If you would like a little more context and history on the Surrealists, their forerunners the Dadaists and how text and language featured in their work a good place to start is the excellent The Art Story site through the links at the bottom of this post.
So how does the assignment work? I should start by saying that there are plenty of variations on these poetic themes to be found on a variety of websites. The one that I sketch out here is based on an idea from one on a wikihow.com page.
The initial task is to find an existing poem; this could perhaps be one that has been made use of in an English lesson or one that you as a teacher feel is particularly appropriate. Alternatively, allow your pupils to search for a starting point themselves in books or on websites, one that they themselves find interesting…..reading a bit of poetry can never be a bad thing!
Once a suitable poem has been found ask the pupils to identify the nouns, verbs and adjectives in the poem by underlining them with three different coloured pens. Again, this is a useful language exercise for pupils of any level to try to complete.

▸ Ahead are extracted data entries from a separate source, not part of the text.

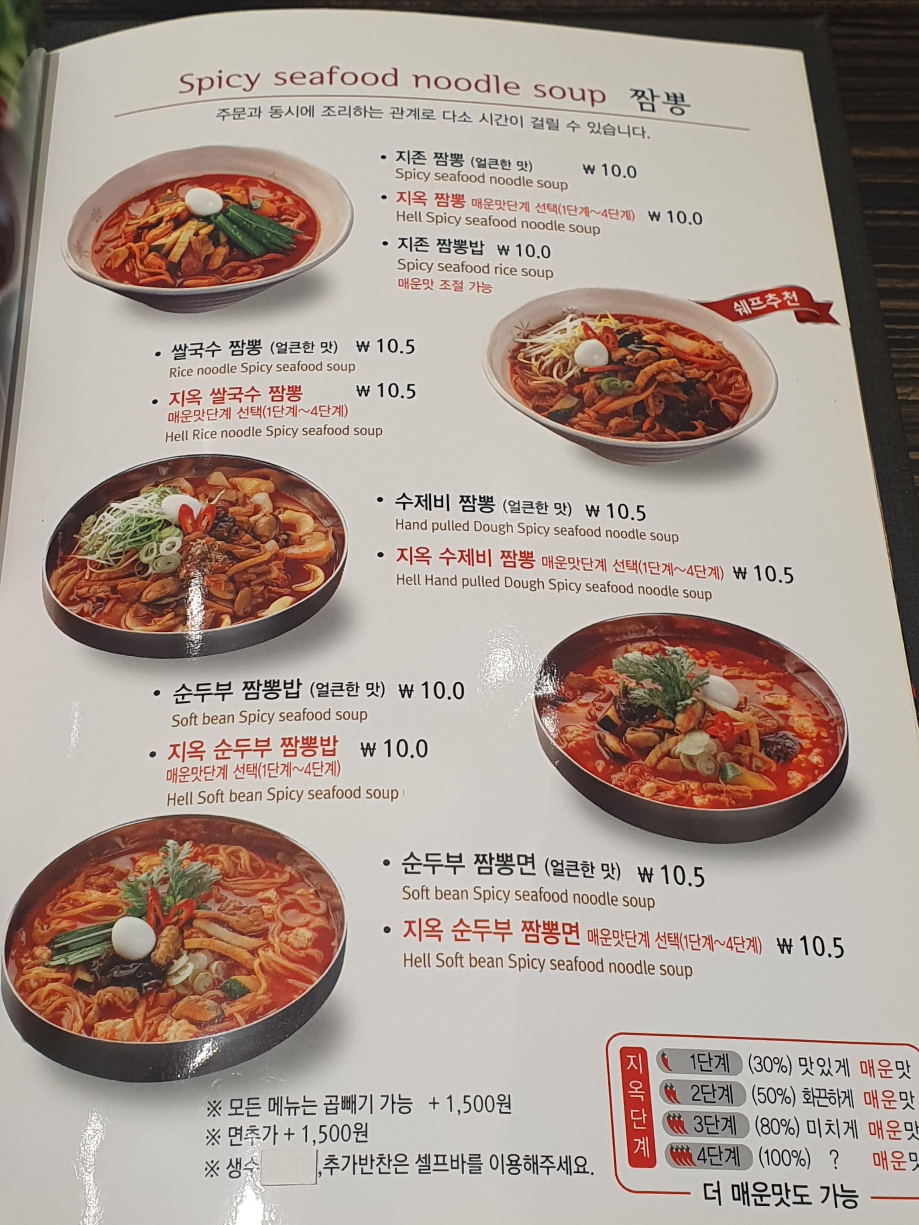 짬뽕메뉴입니다. 지존 짬뽕, 지옥 짬뽕, 지존 짬뽕밥, 쌀국수 짬뽕, 지옥 쌀국수 짬뽕, 수제비 짬뽕, 지옥 수제비 짬뽕, 순두부 짬뽕밥, 지옥 순두부 짬뽕밥, 순두부 짬뽕면, 지옥 순두부 짬뽕면이 있습니다.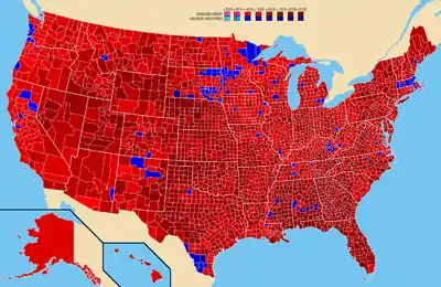 - ↑ McGovern carried only one county-equivalent in Arizona (Greenlee), Illinois (Jackson), Louisiana (West Feliciana Parish), Maine (Androscoggin), Maryland (Baltimore), North Dakota (Rolette), Pennsylvania (Philadelphia), Virginia (Charles City), and West Virginia (Logan)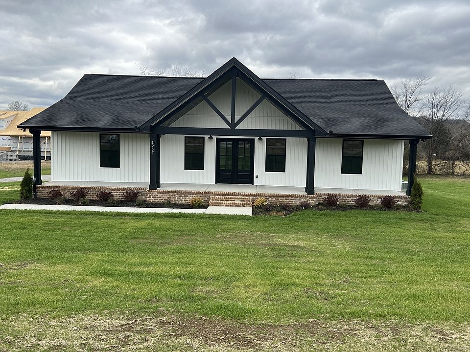 STILL SHOWING & TAKING OFFERS. CURRENT CONTRACT HAS A SALE OF HOME CONTINGENCY WITH A 48 HOUR 1ST RIGHT OF REFUSAL. This new construction, single level ranch sits on 1.55 acres and less than 15 min. from Gallatin. This home gives all the farmhouse feels, from the large wooden beams above the porch, the tongue and groove ceilings on the covered front and back porches, to the black & white exterior and interior finishes.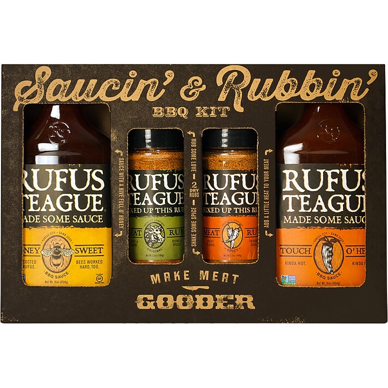 This Alder Creek Rufus Teague BBQ kit makes a tasty gift for the grill master in your life. Packed with two flavors of BBQ sauce, one mild meat rub, and one spicy meat rub. BBQ kit makes a tasty gift for the grill master in your life. Includes: Honey Sweet BBQ sauce (16 oz. ), Touch O' Heat BBQ sauce (16 oz. ), Original meat rub (6. 5 oz. ), Spicy meat rub (6. 5 oz. ). All wrapped up in a gift box.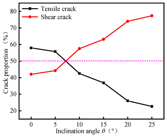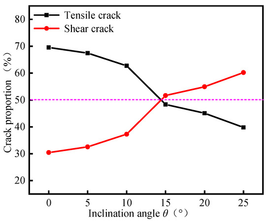 | Inclination Angle (°) | Tensile Crack/Total Crack (%) | Shear Crack/Total Crack (%) |

Then comes the creative part, ask the pupils to replace the existing nouns, verbs and adjectives with new ones of their own choice. It helps if they have already grasped the fact that in the world of the Surrealists not everything is quite as it seems. To make this point clear the paintings of Rene Magritte are my own favourite.
The challenge is to create new poetic lines that are grammatically correct, but have an intriguing and perhaps perplexing connection…..complete randomness though, doesn’t seem to engage the writer or the reader in quite the same way.
The examples below illustrate the process:
Is the Moon Tired?
By Christina Rossetti (1830-1994)
Is the moon tired? she looks so pale
Within her misty veil:
She scales the sky from east to west,
And takes no rest.
Before the coming of the night
The moon shows papery white;
Before the dawning of the day
She fades away
Is the (noun) tired? she looks so (adjective)
Within her misty (noun):
She (verb) the sky from (noun) to (noun),
And takes no (noun).
Before the (verb) of the (noun)
The moon shows (adjective) (noun);
Before the (verb) of the (noun)
She (verb) away.
(Noun – Verb – Adjective)
A new version might go:
Is the ink tired? she looks so weak
Within her misty streak:
She swims the sky from pen to book,
And takes no second look.
Before the consuming of the text
The moon shows uncertain perplex;
Before the burning of the hay
She withdraws away.
Two possible extensions to this project could be:
- Ask pupils to try to produce an illustration based on their own new version of the poem
- Give pupils an example of a surreal artwork (such as one by Magritte) and ask them to write a poem about the painting from scratch. The visual material that the painting offers provides a clear direction and material enough for an interesting exploration and simultaneously requires them to look long and hard at an image from art history.